A Web page for a predefined template query. The query is show all proteins that are present in KEGG pathway 00071 (fatty acid metabolism) in H. sapiens and have evidence of mitochondrial localization by either mass spectrometry or GFP experiments. Before ...

Two additional features of InterMine are accessed from the menu bar: Lists and MyMine. The List feature allows a list of objects, such as UniProt identifiers, to be uploaded and then used as a constraint in a compatible template query or in the Query Builder. Several public lists were created: the proteins in the major respiratory complexes of oxidative phosphorylation and the MitoCarta lists of mitochondrial proteins for Homo sapiens and M. musculus (6). The MyMine feature provides a personal account, with a username and password, that stores queries and results so that they can be accessed, exported, or modified later. A set of results saved to the InterMine system can be combined, intersected, or subtracted from any other saved result set of the same type to generate a list that is the product of several different queries.

Study of the Mitochondrial Proteome by Using MitoMiner—

We identified 33 publications reporting large scale data sets on the mitochondrial localization of proteins. Thirty publications described proteins determined from mass spectrometry of purified mitochondria cell fractions (8, 2449), three publications had used GFP tagging (5052), and three had used both techniques (6, 53, 54). These publications included 13 data sets from H. sapiens, eight from M. musculus, eight from S. cerevisiae, four from R. norvegicus, one from Bos taurus, and one from D. melanogaster. The data from all these publications were imported into MitoMiner.

To assess progress in determining the mitochondrial proteome, we used MitoMiner to find the annual growth in data and publications on the mitochondrial localization of proteins from the 33 publications. The increase in the number of proteins (evaluated as HomoloGene clusters) reported in the publications closely matched the growth in the number of publications (Fig. 7). By 2008, the total number of proteins reported across all species was 3672. In 2008, the increase in the number of mitochondrial proteins was 220, although Pagliarini et al. (6) had published a study that identified about 1100 mitochondrial proteins. The proportion of proteins with experimental evidence of mitochondrial localization that had the “transmembrane” keyword in their UniProt entry increased from 18% in 2002 to 21% in 2008. Of the 3672 proteins, 1506 (41%) had been annotated as mitochondrial by either the Gene Ontology or UniProt, 1326 (36%) had not been annotated as mitochondrial but had been annotated in another subcellular location, and 840 (23%) had no annotation for subcellular localization.

Fig. 7.
The cumulative increase in the number of (i) proteins reported as mitochondrial (gray bars) and (ii) publications (black line) over the last 10 years using the 33 publications on mitochondrial localization included in MitoMiner. Protein redundancy was ...

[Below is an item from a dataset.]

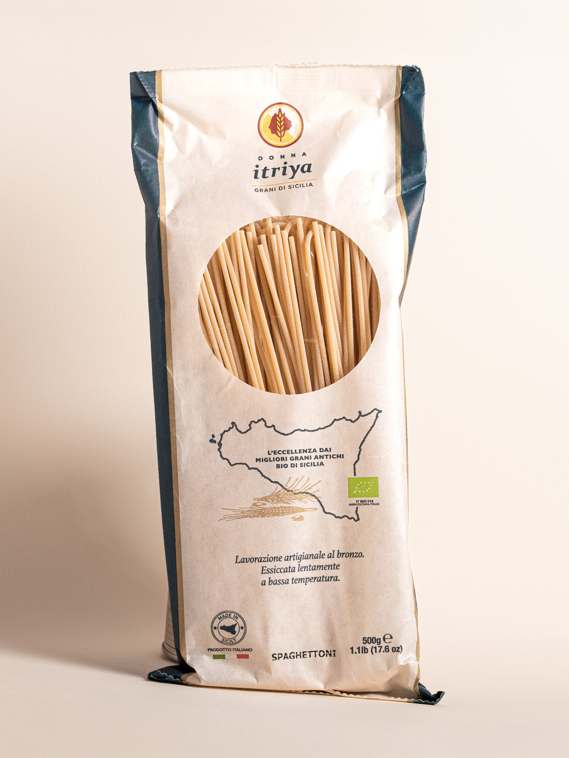 Spaghettoni artigianali 500 g – Donna Itriya: grano antico biologico, essiccazione lenta, superficie ruvida, perfetti con sughi delicati o ricchi.
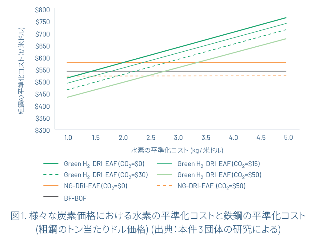 他方、カーボンプライシングを導入し、その炭素価格を15ドル/トンとすると、コストが均衡するポイントは変わってくる。この炭素価格で水素価格を1.0ドル/kgとした場合、グリーンH2-DRI-EAF法による生産コストは491ドル/トンで、BF-BOF法の539ドル/トンを下回り、グリーン鉄を採用するに十分な経済的インセンティブを示す。このコストメリットは炭素価格が30ドル/トンになるとさらに顕著になり、グリーンH2-DRI-EAF法のLCOSをBF-BOF法と均衡させようとすると、水素価格は2.2ドル/kgでよい。炭素価格が50ドル/トンに上昇すると、グリーンH2-DRI-EAF法の競争力はさらに高まり、水素価格が2.8ドル/kgを超える程度でもBF-BOF法と同等のコストになる。

We used the capabilities of MitoMiner to investigate the similarities and differences of two of the largest and most recent mass spectrometry data sets: those of Pagliarini et al. (6) and Kislinger et al. (35). Applying the HomoloGene clustering, 1746 different proteins were identified in the Kislinger et al. (35) publication, and 905 were identified in the Pagliarini et al. (6) study. The number of transmembrane proteins was 323 (18.5%) in the Kislinger et al. (35) data set, and the number of transmembrane proteins was 204 (22.5%) in the Pagliarini et al. (6) data set. The overlap between these two data sets was 392 proteins.

To determine whether some proteins were identified more often than others by mass spectrometry, we queried MitoMiner to determine the number of publications in which proteins had been reported. The distribution showed scale-free characteristics with approximately half of the proteins identified in one publication and about 30% reported in three or more publications (Fig. 8). Ninety-five proteins had been reported as mitochondrial in four or more mass spectrometry publications but had not been reported as mitochondrial in either UniProt or their respective genome database. For example, the oxysterol-binding protein homolog 7 (Osh7p) from S. cerevisiae (UniProt accession number P38755) had been identified as localizing to the mitochondrion in four mass spectrometry publications (39, 40, 42, 46) as well as by GFP tagging (50) (Fig. 3).

Fig. 8.
The frequency distribution (gray bars) and cumulative frequency distribution (black line) for the number of publications reporting a protein as mitochondrial by mass spectrometry. Protein redundancy was removed by using HomoloGene to combine orthologs ...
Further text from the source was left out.